4.3. Classification of Communication Technology

In our mapping study on the trustworthiness of large language models (LLMs) in communication technology, we examined advanced cellular generations along with non-cellular technologies. Based on the initial categorization for communication and the process of keywording, the following classes were extracted:
  • Cellular;
  • Non-cellular;
  • Not Mentioned.
Although we initially considered all cellular generations, including 2G and 3G, we ultimately concentrated on 4G and beyond due to their compatibility with AI-driven applications. LLMs are particularly relevant to 4G, 5G, and 6G, which support advanced data processing and real-time decision-making [70].
  • 4G—With significantly higher data rates, 4G enabled new applications such as IoT and industrial automation.

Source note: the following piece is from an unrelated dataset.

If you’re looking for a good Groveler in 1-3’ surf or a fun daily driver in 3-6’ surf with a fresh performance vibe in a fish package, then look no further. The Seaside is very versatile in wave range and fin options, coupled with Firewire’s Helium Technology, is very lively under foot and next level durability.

LTE is another common term used for 4G.
  • 5G—Offering low-latency communication and very high data rates, 5G broadens the range of use cases across diverse sectors.
  • 6G—Expected to offer ultra-low latency, terabit-per-second data rates, and AI-driven network optimization, 6G aims to enable futuristic applications such as holographic communications, pervasive intelligence, and seamless global connectivity.
  • Cellular (not-specified)—This category includes studies that do not specify which particular cellular technology is employed in the T-A-K fields.
Moreover, non-cellular technologies play a crucial role in applications where LLMs can enhance security, automation, and efficiency [71].
  • WiFi—Encompasses technologies based on the IEEE 802.11 standard, including vehicular ad hoc networks (VANET) and dedicated short-range communication (DSRC).
  • Radio-frequency Identification (RFID)—A short-range communication method using electromagnetic fields to transmit data.
  • Bluetooth—A technology designed for low power consumption, short-range communication, and low data transfer rates.
  • Satellite—A long-range communication method that is sensitive to interference and relies on a clear line of sight.
  • Non-cellular (not-specified)—Includes studies that do not specify the non-cellular technology used in the T-A-K fields.

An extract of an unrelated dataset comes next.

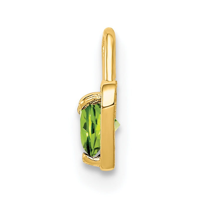 Introducing the 10K Yellow Gold August Synthetic Birthstone Heart Charm, a meaningful piece for those born in August. Crafted from polished 10K gold, this charm shimmers with a stunning green round synthetic birthstone at its center. The heart measures a dainty 5.24 mm by 4.72 mm, perfect for everyday elegance. The solid design ensures durability while keeping it lightweight. This lovely charm is sure to capture attention when worn as a pendant or charm. Celebrate August birthdays with this exquisite 10K Yellow Gold August Synthetic Birthstone Heart Charm, a token of personal style and sentiment.

4.4. Application Domain Classification

Based on keywording, the following classification scheme was derived for domains where AI, particularly LLMs, are applied to ensure trustworthiness:
  • Air Space—Ensuring that LLMs provide accurate, reliable, and unbiased information for aerospace applications, such as navigation systems and communication protocols.
  • Automotive—Maintaining safety and reliability in LLM-driven automotive technologies, including autonomous driving systems and in-vehicle assistants.
  • Construction—Ensuring precision and safety in LLM applications for construction project planning, risk assessments, and management.
  • Cybersecurity—Enhancing security measures and threat detection systems in the cybersecurity domain using LLMs.
  • Defence—Ensuring the ethical application, security, and accuracy of LLMs in defense scenarios, such as threat analysis and decision support systems.
  • Education—Promoting fairness, accuracy, and bias reduction in LLM-based educational tools for personalized learning and academic assistance.
  • Environment—Ensuring LLM-driven technologies support environmental monitoring and sustainability efforts.
  • Finance—Ensuring transparency, bias reduction, and data protection in LLM applications for the fintech industry.
  • History—Supporting transparent and reliable LLM usage in the analysis and preservation of cultural heritage.
  • Human–Computer Interaction (HCI)—Enhancing interactions between humans and AI through improved dialogues, negotiations, and task delegation.
  • Information Verification—Utilizing LLMs in automated fake news detection, fact-checking processes, and cross-domain analysis for verifying information credibility.
  • Smart Factory—Maintaining operational integrity, reliability, and efficiency in LLM applications for automated manufacturing and production systems.
  • Health Care—Ensuring privacy, accuracy, and ethical practices in LLM applications for medical diagnostics, patient care, and health data management.
  • Internet of Things (IoT)—Ensuring precision, reliability, and ethical behavior in LLM-guided IoT systems across diverse applications.
  • Law—Ensuring transparency, data integrity, and fairness in the use of LLMs for legal purposes.
  • Linguistic—Promoting linguistic accuracy, cultural sensitivity, and reducing bias in LLM applications for translation, text generation, and language learning.
  • Marine—Ensuring the safety and reliability of LLM applications in marine navigation, communication, and environmental monitoring.
  • Mining—Enhancing operational safety and efficiency in LLM applications for resource extraction, site management, and predictive maintenance.
  • News/Media—Leveraging LLMs for ethical reporting, fact-checking, and content creation in the media industry.
  • Robotics—Ensuring the ethical behavior, precision, and reliability of LLM-powered robotic systems in both industrial and domestic settings.
  • Smart System/Coding—Utilizing LLMs to improve software development processes, automate code generation, and ensure robust, efficient, and secure software systems.
  • Smart Business—Harnessing LLMs to foster innovative business solutions, enhance operational efficiency, and provide data-driven insights for strategic decision-making.
  • Social Scoring—Promoting fairness, transparency, and objectivity in social scoring systems by identifying and mitigating biases related to politics and social context.
  • Surveillance—Ensuring the ethical use of LLMs in surveillance systems for monitoring, threat detection, and security analysis, while safeguarding privacy.
  • Telecommunication—Ensuring security, reliability, and unbiased communication in LLM applications used for network management, customer service, and data analysis.
  • Not Specified—This category is used for studies that do not specify the application domain.
  • Other—This category includes studies working on application domains not listed here.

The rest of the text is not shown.